Thursday, January 20, 2005


glisten: THWIPPPP! Edition

Stan Lee - "Narration #1"

Marty Nelson - "Peter Stays and Spider Man Goes"

Marty Nelson and Geni Sackson - "Square Boy"

Reissued five years ago on CD, Lifesong's "Spider-Man: Rock Reflections of a Superhero" represents a STRANGE little bit of comic book ephemera. Old school Marvel zombies like yours truly will no doubt remember seeing ads for this album in the back of many an old issue of Conan or Howard the Duck but those of you who actually had normal childhoods may require a bit of back story.

Way back in the mid-seventies, Spider-Man was something less than the marketing behemoth he is today. In a rather desperate attempt to keep the character fresh for a somewhat older audience, Marvel licensed out Spidey to Lifesong with instructions to create a concept album from the webslinger's origin story. And what better way to attract hipsters than to cast one of the founding members of Manhattan Transfer, Marty Nelson, as the voice of Spider-Man? Other, er, notables on-board include Alan Axelrod (Barry Manilow's keyboardist) and 'smooth jazz legend' David Sanborn. In the end, they produce a salmagundi of an album, filled with tracks of all types: rock opera, pseudo-reggae, pop disco, faux swing, over-the-top cheeseball doo-wop.

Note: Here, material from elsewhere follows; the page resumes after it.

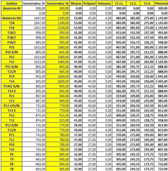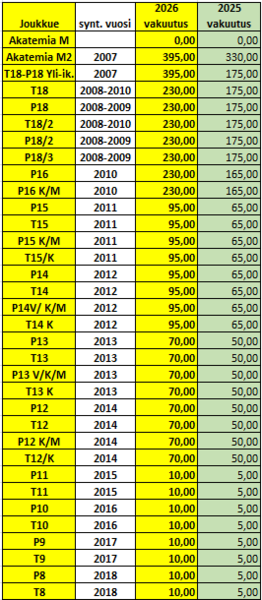 PELAAJAN SEURA-, PELIPASSI- JA VAKUUTUSMAKSUT 2026

Plus just to, y'know, TIE IT ALL TOGETHER, they got Stan 'The Man' Lee to provide interstitial narration in his trademarked overblown hyperbole.

I ask you, how could this possibly have aged poorly?

Admittedly, "Rock Reflections" makes for a tough listen but it's good for more than just a few giggles. There's several fun cuts to rummage through, like the power ballad 'High Wire' or the Pink Floyd-esque 'Dr. Octopus'.

And you claim you've never heard Spider-Man get downright emo before? After one listen to 'Peter Stays and Spider-Man Goes', you'll never be able to say that again. Played with the Stan Lee intro, this is a real party-stoppin', mix tape endin' winner.

As for 'Square Boy'... well, what can you say about any song that features the lyric, "wa wa we, ya gotta dig this atomic energy"?

On a personal note, this album was unleashed on an unsuspecting planet in 1975, the very same year your Tofuriffic narrator made the scene.

Could this be a coincidence?

Well, yeah. But still.

Buy "Spider-Man: Rock Reflections of a Superhero" from Amazon.

It is, in the final analysis, an excellent hipster accessory for every comic book geek out there and a gag gift that keeps giving.
Watch the astonishing Spider-Man Lego movie.
Visit the official Spider-Man movie page, video game site, newspaper strip and comic book url.

Jeez, is Peter hooking up with Gwen Stacy's... clone? Daughter? Zombie?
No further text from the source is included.